Sementara itu Wakil Gubernur Provinsi Aceh Nova Iriansyah sangat apresiatif dengan
diadakannya seminar nasional kerjasama BPPT dan Kemenko Maritim. Dia berharap dari hasil
seminar ini dapat menambah lagi daya tarik Sabang kepada wisatawan mancanegara. “Kami
sangat mengapresiasi langkah BPPT dan Kemenko Maritim yang menyelenggarakan seminar
ini. Mudah-mudahan dalam seminar ini akan ada tindak lanjut untuk bisa memoles wajah
sabang dan mengupgrade sabang, dan kami berharap daya tarik Sabang bagi wisatawan
mancanegara semakin hari semakin meningkat.” Ungkapnya.
SATO UMI
Dalam seminar dan workshop tersebut selain disampaikan mengenai berbagai kebijakan dan
potensi pengembangan wisata bahari di Indonesia dan Sabang, juga terdapat pembahasan
tentang kemajuan dan perkembangan akan penerapan konsep Sato Umi di Indonesia. Sato Umi
sendiri merupakan konsep pengelolaan sumber daya perikanan secara berkelanjutan dimana
intervensi manusia dalam pengelolaan sumber daya perikanan di wilayah pesisir dan laut dapat
meningkatkan produktifitas dan keragaman jenis sumber daya perikanan secara berkelanjutan.

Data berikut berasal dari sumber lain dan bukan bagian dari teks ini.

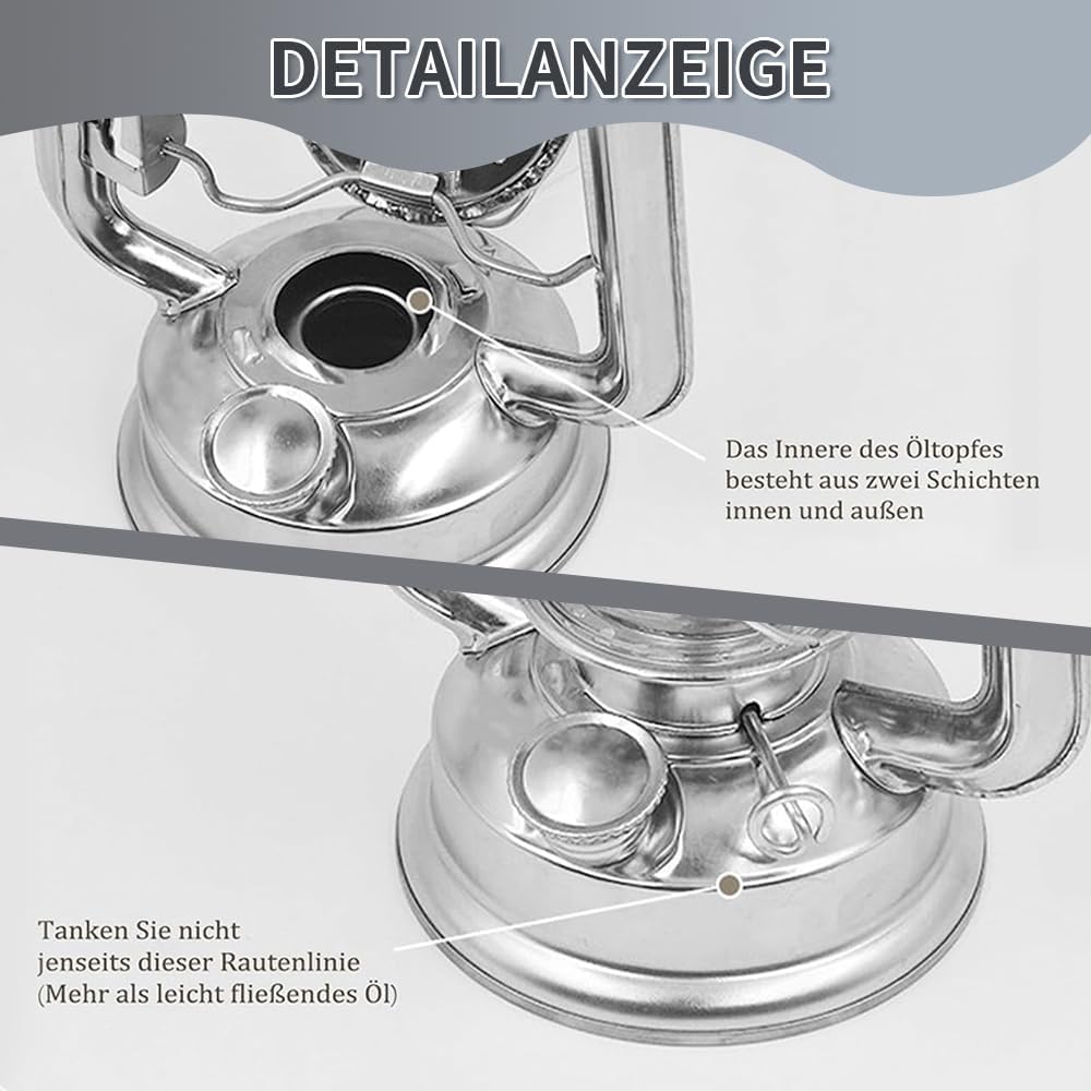 ["đ„ăPremium MaterialăMade of fire-resistant glass and galvanized steel, the kerosene lamp was mechanically manufactured and hand-polished. Stable performance, long lifespan. The oil lamp has a large capacity with high brightness.","đ„ăRetro DesignăRetro design and fine workmanship, suitable for decoration, hook for easy hanging. It is suitable for living room, bedroom, dining room, bedside table, desk, but also for outdoor camping.","đ„ăEasy to UseăEasy operation, no installation required, it can be used with safe fuels such as kerosene, diesel, ghee, etc.","đ„ăBest GiftăOil lamps are the best gift for friends, family, children, elders, and so on.","đ„ăPrecautionsăLight with safe fuels such as paraffin, diesel, etc. Fill about 70% of the fuel into the oil lamp. To prevent fuel leakage and fire hazards, do not add 100% and prohibit the use of gasoline as well as dangerous substances like alcohol."]
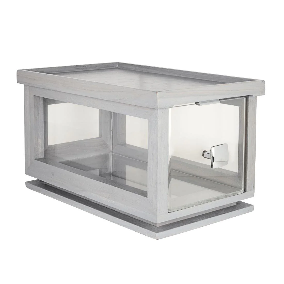 Manufactured from reclaimed teak wood, this grey wash bakery box is both environmentally friendly and cost effective, while its natural properties make it resistant to heat, light and moisture. The box is fitted with an acrylic drawer and is stackable for space efficiency.

Mengenai konsep Sato Umi lebih lanjut dibahas oleh Deputi Safri sebagai gagasan baru yang
semestinya bisa diterapkan di Indonesia.

“Sektor perikanan tangkap yang terkendali, budidaya yang berkelanjutan dan pariwisata bahari
adalah tiga peluang yang bisa dikembangkan dalam konsep blue ekonomi, yang diharapkan
pula menjadi roda penggerak ekonomi maritim untuk generasi saat ini dan masa yang akan
datang.” Ungkap Safri
“Untuk itulah konsep baru untuk perencanaan berkelanjutan disebut SATO UMI ini,
didefinisikan sebagai produktivitas dan keanekaragaman hayati yang tinggi di wilayah pesisir
laut dengan interaksi manusia. Konsep ini sangat tepat untuk diadopsi di Indonesia, dengan
menerapkan konsep pengelolaan dan pemanfaatan sumber daya alam dengan
mempertimbangkan dan memperhatikan keseimbangan dan stabilitas sumber daya alam dan
lingkungannya dalam konsep SATO UMI.” Lanjutnya
Dengan diterapkannya konsep SATO UMI, diharapkan kedepannya dapat mengoptimalkan
pemanfaatan lahan tambak, marginal dan idol serta sumber daya perikanan dan kelautan di
wilayah pesisir Indonesia, guna meningkatkan kesejahteraan masyarakat dan pendapatan
ekonomi Lokal, Regional dan Nasional. “Untuk itu saya setuju kalau untuk wilayah sabang ini
dijadikan contoh untuk penerapan konsep SATO UMI di Indonesia ini.” Tutupnya.